Exercise instructions » The entries that follow must be given again exactly, with the pictures excluded.

Information given »

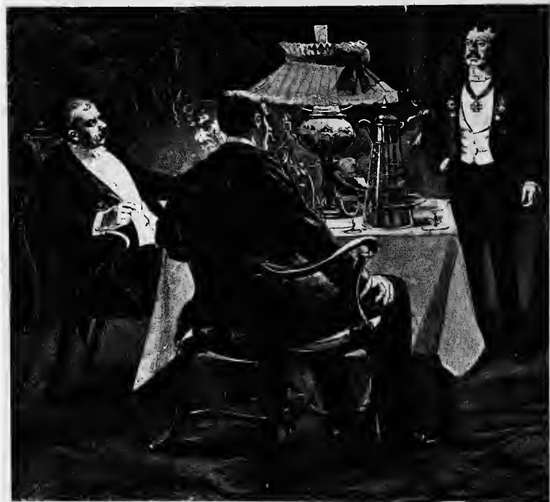
The distinguished Major appeared in full evening dress.
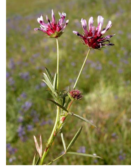
Tomcat Clover Trifolium willdenovii Native Annual Pea Family
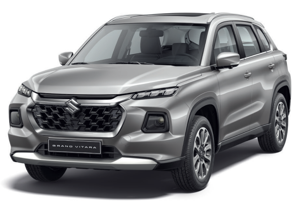
Splendid Silver Pearl Metallic
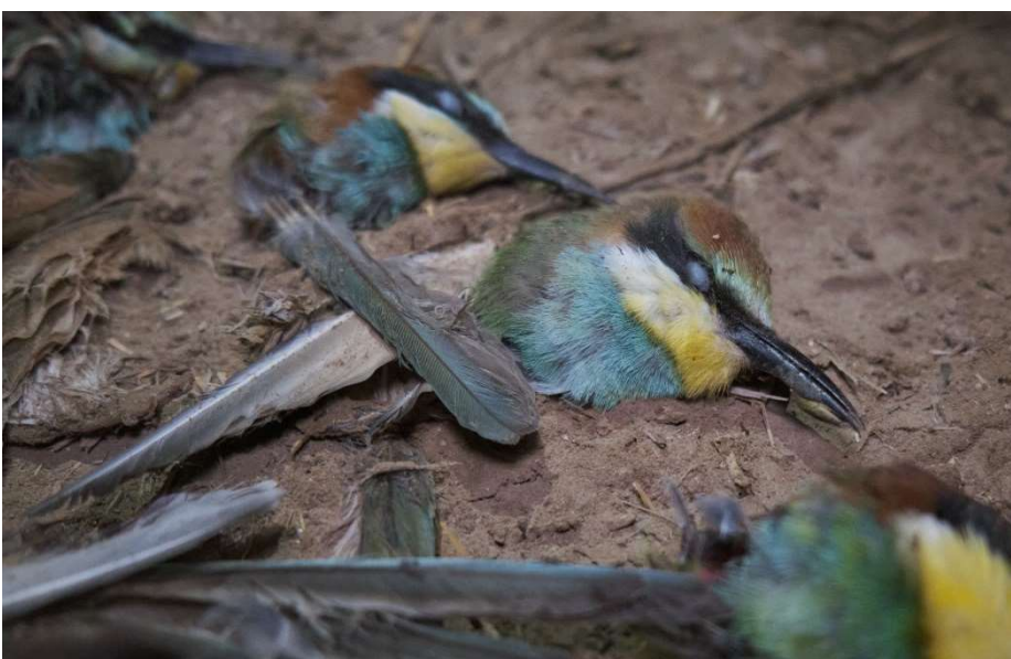
Picture 4: Heads of Bee-eaters, found at the hunting site near Lake Soros, September 2021

As shown in Section 8 of this report, CABS volunteers have now clearly become the main stakeholder in the field against illegal bird killing activities and this unpleasant role has made CABS the main target for criminal individuals and gangs. In 2021, our teams suffered the highest level of intimidation and violence with two dangerous and serious aggressions – even a pyrotechnic bomb placed on our car - happening in autumn and winter. Although the relevant Ministries have been always and immediately informed of these events, we have never received a reply from anyone. Instead, we see that the Parliament is discussing a law proposal which should punish people who “disturb” legal hunting activity. Since there are no such people in Cyprus, it is clear that the aim is to prevent CABS from exposing and pushing to sanction the illegal killing of birds that take place in the Republic of Cyprus.
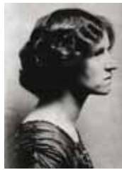
Malting House School and Susan Isaacs

1924, Susan Isaacs (1885-1952) started teaching at the new Malting House School, Cambridgeshire. Influenced by Dewey and Piaget's theories, she facilitated real-life learning journeys with much outdoor play, concerned with 'the meaning of the child's experiences to himself'. Isaacs was supremely qualified in observation as an experienced psychoanalyst and remarkable polymath. FS practitioners don't need to train to her standards yet her work highlights the importance of close observation and documentation. There is a need for practitioners to know how to observe and increase their sensitivity of response, reflecting on practice to identify where skills can be improved and scaffold when needed.
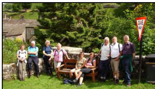
The walking group on a recent walk

The group has been going for three years now and has a membership of 10. The average number walking is 6/8. We meet each Monday at 9.30am at Steeton Hall car park to drive, walk or take public transport to begin our walks. We are a group of mixed ages and enjoy varied company, always have fun and are very enthusiastic and all have roles to play. Our walks are arranged in advance but are always subject to change, taking account of conditions, weather etc. Favourites are river walks and are usually between 5 and 6 miles but we are always ready to change things to meet any special needs. Shorter walks on flat ground are no problem (we don't do "big hills"). We are lucky to have beautiful countryside on our doorstep - Bolton Abbey and the Dales are great favourites. Two men from Keighley have joined us recently (our fame is spreading) and one member who moved away travels 1 hour each Monday to be with us! Please come along with a packed lunch and suitable clothing and footwear for all weathers!
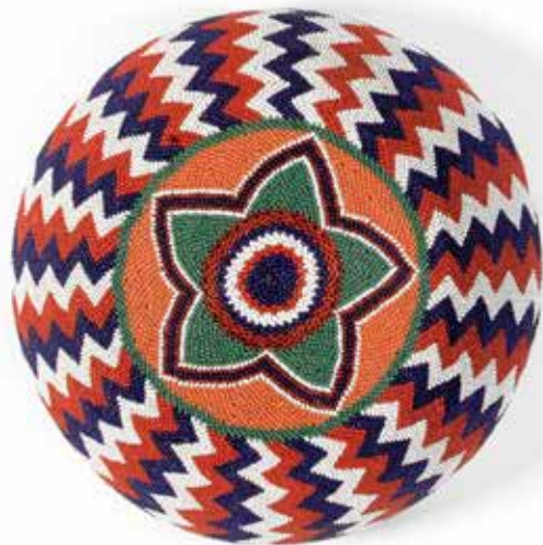
88 (alternate view)
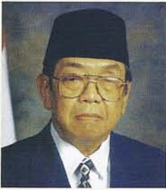
H.E. Abdurrahman Wahid Former President of Indonesia
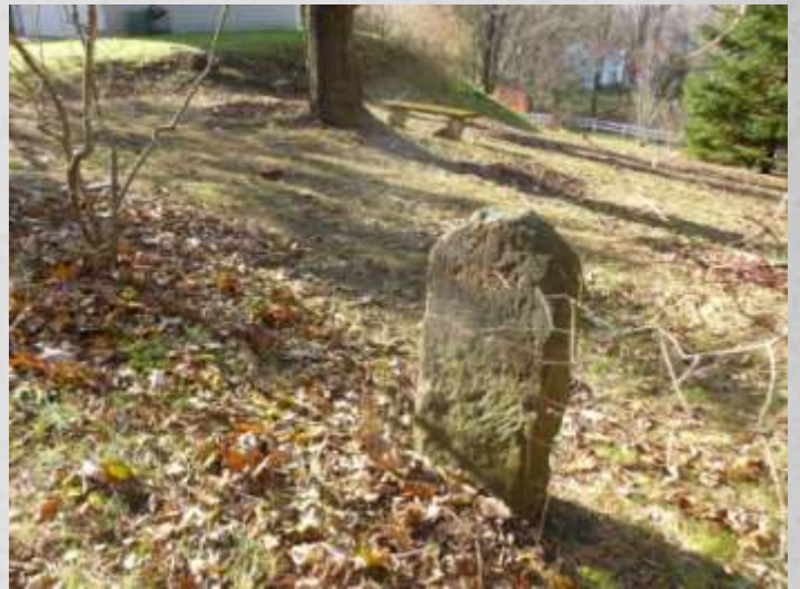
View of the location. Photographed November 2011.
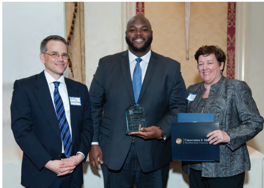
Gordon & Rees was honored with a Pro Bono award from the Center in 2017.

With special appreciation to the Yale Law School and its Mortgage Foreclosure Litigation Clinic:
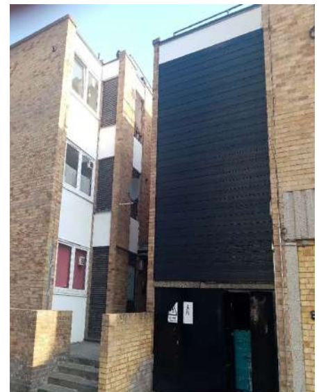
Communal floor repair - Before
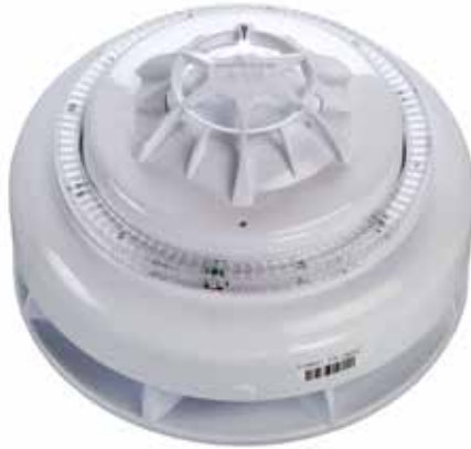
XPA-CB-14025-APO XPander Combined Sounder Visual Indicator (Clear) and Heat Detector (Class A1R)
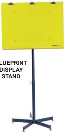
BLUEPRINT DISPLAY STAND
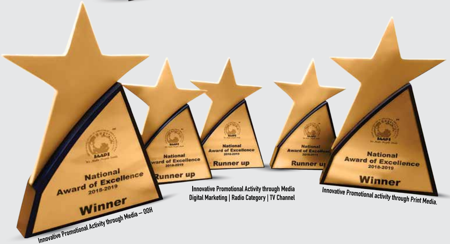
Innovative Promotional Activity through Media – OOH
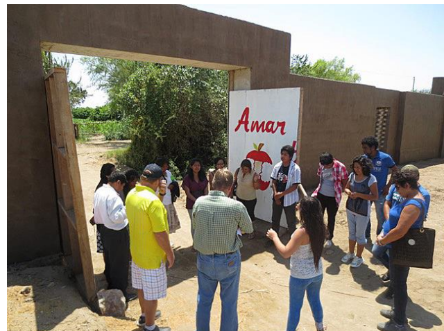
People praying at the gate at the 2016 inauguration

We arrived in La Paz and began fasting, praying and dreaming. We spent nights awake, talking as we dreamed. Through the years we had gathered a following of university students that called themselves Go Missionaries. They gathered to pray every Friday evening and stayed until everyone fell asleep. In the morning, all got up and went off to the University or to work. We told them what we thought the Lord was speaking to us and asked them to pray.
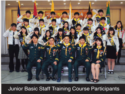
Junior Basic Staff Training Course Participants

The JBSTC is the Korean version of Teen Leadership Training (TLT) which was created by the General Conference (GC) for teenagers. The JBSTC has changed

Solution to this problem »
The distinguished Major appeared in full evening dress.
Tomcat Clover Trifolium willdenovii Native Annual Pea Family
Splendid Silver Pearl Metallic
Picture 4: Heads of Bee-eaters, found at the hunting site near Lake Soros, September 2021

As shown in Section 8 of this report, CABS volunteers have now clearly become the main stakeholder in the field against illegal bird killing activities and this unpleasant role has made CABS the main target for criminal individuals and gangs. In 2021, our teams suffered the highest level of intimidation and violence with two dangerous and serious aggressions – even a pyrotechnic bomb placed on our car - happening in autumn and winter. Although the relevant Ministries have been always and immediately informed of these events, we have never received a reply from anyone. Instead, we see that the Parliament is discussing a law proposal which should punish people who “disturb” legal hunting activity. Since there are no such people in Cyprus, it is clear that the aim is to prevent CABS from exposing and pushing to sanction the illegal killing of birds that take place in the Republic of Cyprus.
Malting House School and Susan Isaacs

1924, Susan Isaacs (1885-1952) started teaching at the new Malting House School, Cambridgeshire. Influenced by Dewey and Piaget's theories, she facilitated real-life learning journeys with much outdoor play, concerned with 'the meaning of the child's experiences to himself'. Isaacs was supremely qualified in observation as an experienced psychoanalyst and remarkable polymath. FS practitioners don't need to train to her standards yet her work highlights the importance of close observation and documentation. There is a need for practitioners to know how to observe and increase their sensitivity of response, reflecting on practice to identify where skills can be improved and scaffold when needed.
The walking group on a recent walk

The group has been going for three years now and has a membership of 10. The average number walking is 6/8. We meet each Monday at 9.30am at Steeton Hall car park to drive, walk or take public transport to begin our walks. We are a group of mixed ages and enjoy varied company, always have fun and are very enthusiastic and all have roles to play. Our walks are arranged in advance but are always subject to change, taking account of conditions, weather etc. Favourites are river walks and are usually between 5 and 6 miles but we are always ready to change things to meet any special needs. Shorter walks on flat ground are no problem (we don't do "big hills"). We are lucky to have beautiful countryside on our doorstep - Bolton Abbey and the Dales are great favourites. Two men from Keighley have joined us recently (our fame is spreading) and one member who moved away travels 1 hour each Monday to be with us! Please come along with a packed lunch and suitable clothing and footwear for all weathers!
88 (alternate view)
H.E. Abdurrahman Wahid Former President of Indonesia
View of the location. Photographed November 2011.
Gordon & Rees was honored with a Pro Bono award from the Center in 2017.

With special appreciation to the Yale Law School and its Mortgage Foreclosure Litigation Clinic:
Communal floor repair - Before
XPA-CB-14025-APO XPander Combined Sounder Visual Indicator (Clear) and Heat Detector (Class A1R)
BLUEPRINT DISPLAY STAND
Innovative Promotional Activity through Media – OOH
People praying at the gate at the 2016 inauguration

We arrived in La Paz and began fasting, praying and dreaming. We spent nights awake, talking as we dreamed. Through the years we had gathered a following of university students that called themselves Go Missionaries. They gathered to pray every Friday evening and stayed until everyone fell asleep. In the morning, all got up and went off to the University or to work. We told them what we thought the Lord was speaking to us and asked them to pray.
Junior Basic Staff Training Course Participants

The JBSTC is the Korean version of Teen Leadership Training (TLT) which was created by the General Conference (GC) for teenagers. The JBSTC has changed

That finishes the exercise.